La inexistencia de un sistema cambiario transparente, con participación documentada del sistema bancario y de casas de cambio (además de la del Banco Central), no permite saber cuál es la oferta de divisas disponibles en Venezuela para hacer transacciones a cambio de bolívares, ni ofrece mecanismos de intercambio formales al alcance de todos los interesados en hacerlas. Por esta razón, es difícil sostener que haya 860 millones de dólares inmediatamente disponibles en el paralelo comparables con los 3.000 millones de reservas a los que Francisco se refiere.

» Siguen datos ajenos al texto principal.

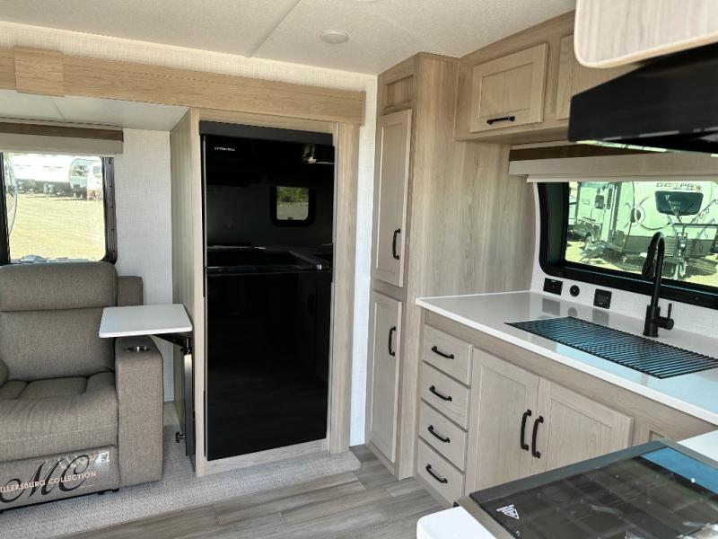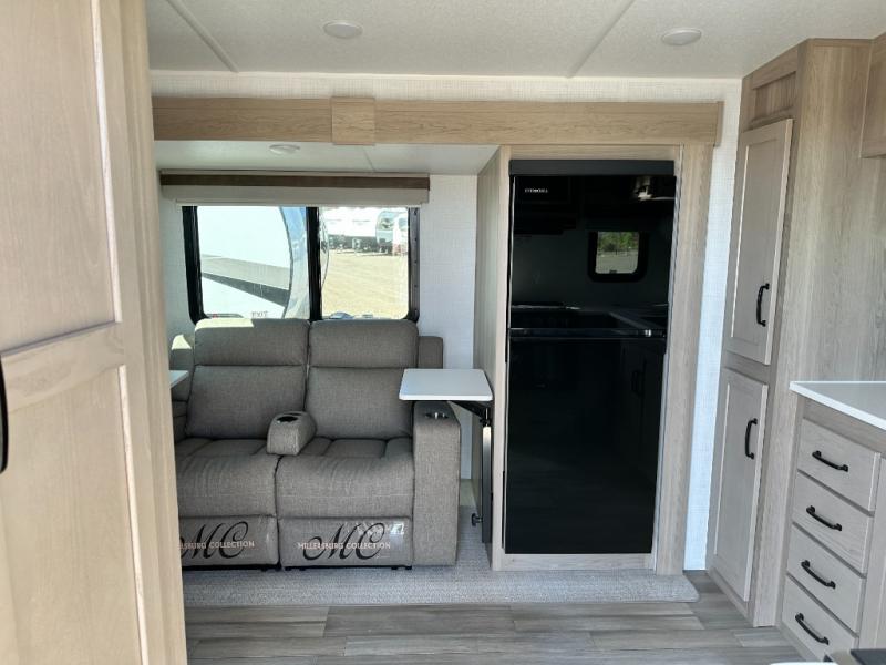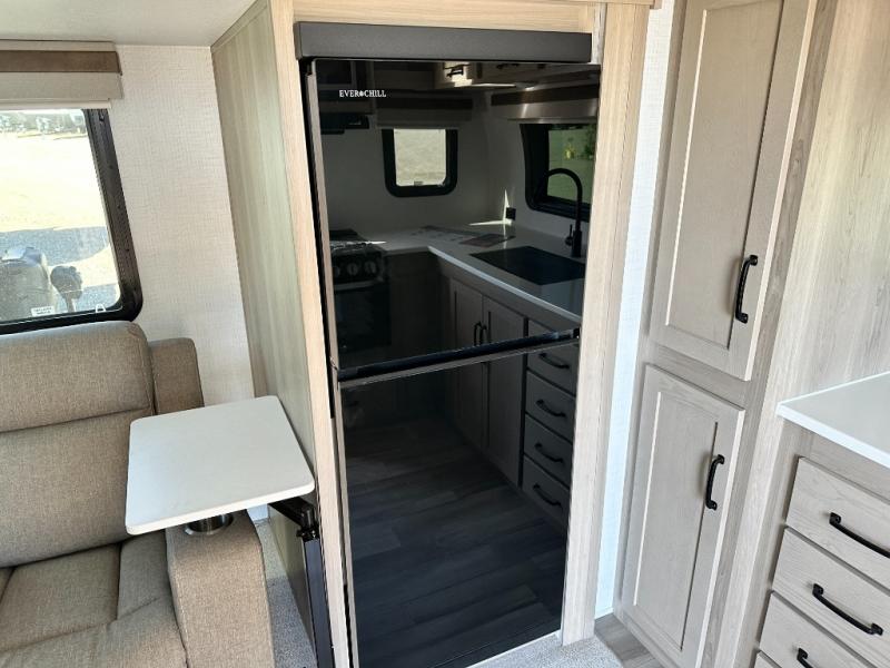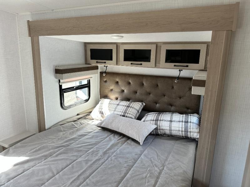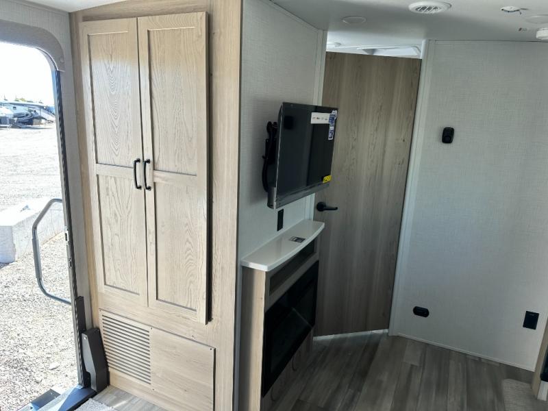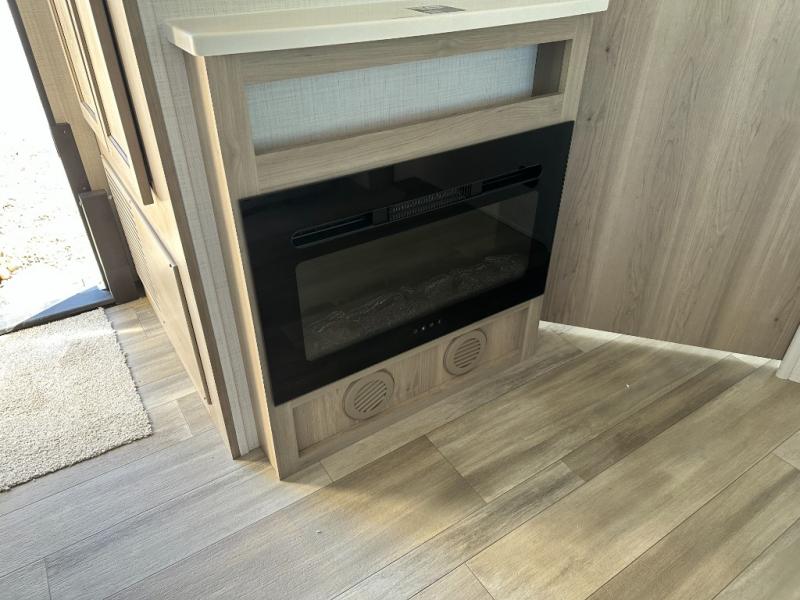 Escape the city life for weekend trips in this cozy couple's trailer. The dual entry doors will allow you to enter in through the rear private bedroom, or the front kitchen/main living area for convenience. You will enjoy relaxing on the theater seating across from the 32" TV and fireplace in the evenings, or you can visit outdoors under the 19' power awning. You'll also find an exterior griddle here for quick meals and exterior storage for the fishing poles or hiking gear. This model also includes a walk-through bath with a shower skylight, a linen closet, plus a Showermiser Water Saving System. And don't worry about storage space inside since this model includes an entryway pantry/closet, a second pantry in the front kitchen, plus a large bedroom wardrobe to keep your clothes wrinkle-free!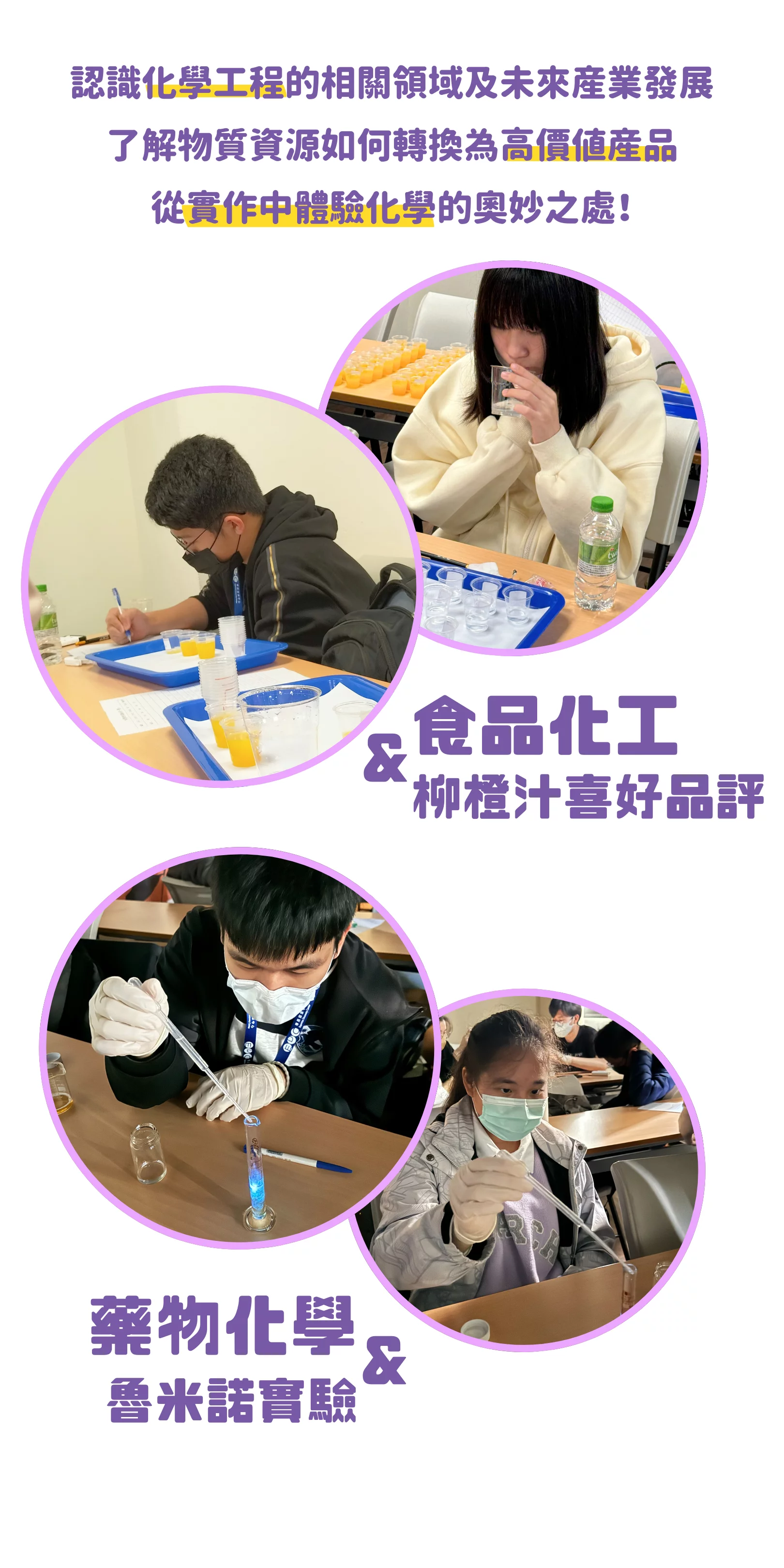 | 1330-1450 | 食品化工 探索:為什麼市面上的飲料顏色、風味都不一樣,原來這就是"品評"! 食品技師 | 香粧藥物化工 探索:原來醫美不只變漂亮!認識醫美儀器原理 崇仁醫護管理專科學校 專任講師 |

Pueden ser más o menos y además su monto puede variar significativamente si cambian los incentivos para atesorar, importar o emigrar.

El origen y ubicación de la oferta de dólares a cambio de bolívares en el mercado paralelo es relevante. Una parte debe estar en efectivo dentro del país y otra en cuentas en el exterior. Al caer las exportaciones de petróleo en 2012, también lo hizo la asignación directa de divisas para importaciones, viajes o compras de internet a través de CADIVI. Es posible que una parte de los dólares vendidos hoy en el paralelo sean, en buena medida, una fracción (cada día menor) de los mismos acumulados hasta 2012, reciclados dentro de una economía cada día más aislada de sus socios comerciales. Es difícil estimar cuánto del monto transferido como remesas a familiares es nuevo. Y, puesto que no sabemos cuál es la oferta de divisas en el paralelo, tampoco sabemos si los vendedores de dólares en mercados informales influyen con sus decisiones sobre el marcador o sólo aceptan seguirlo, sin tener en cuenta su existencia. Sin embargo, no contribuiría a aumentar la oferta de dólares circulando dentro Venezuela (una dolarización de hecho) si son convertidos a bolívares y depositados en cuentas venezolanas.

2. ¿Por qué 3.000 millones de dólares?

En sentido estricto, los dólares de las reservas son activos del Banco Central y la liquidez monetaria un pasivo del sistema bancario completo que incluye más que los pasivos monetarios del Banco Central. Ajustar los estados financieros de todos estos organismos no es una tarea menor, pero no me detendré en ella. Me interesa más comentar la sugerencia de tomar una fracción de las reservas para dolarizar, sin considerar el total de activos en moneda extranjera que declara el Banco Central (que desaparecería como ente emisor luego de una dolarización) ni la posición de inversión internacional del sector público.

Para el 30 de noviembre de 2017, el Balance del Banco Central registraba Bs. 452.784 millones como activos de reserva y Bs. 92.650.471 millones como otros activos en divisas. Es decir, los otros activos, expresados en bolívares, representaban el 99,51% del total. De dicho total, el 96,79% correspondió a activos diversos en divisas y el 2,7% a títulos valores públicos en divisas, los cuales representaron 5,5 veces el monto de los activos de reserva. Aunque suele ser un lugar común repetir que las reservas respaldan la moneda nacional, conviene resaltar que por, cada bolívar de activos de reserva, el BCV tenía para noviembre de 2017 Bs. 145,3 de base monetaria.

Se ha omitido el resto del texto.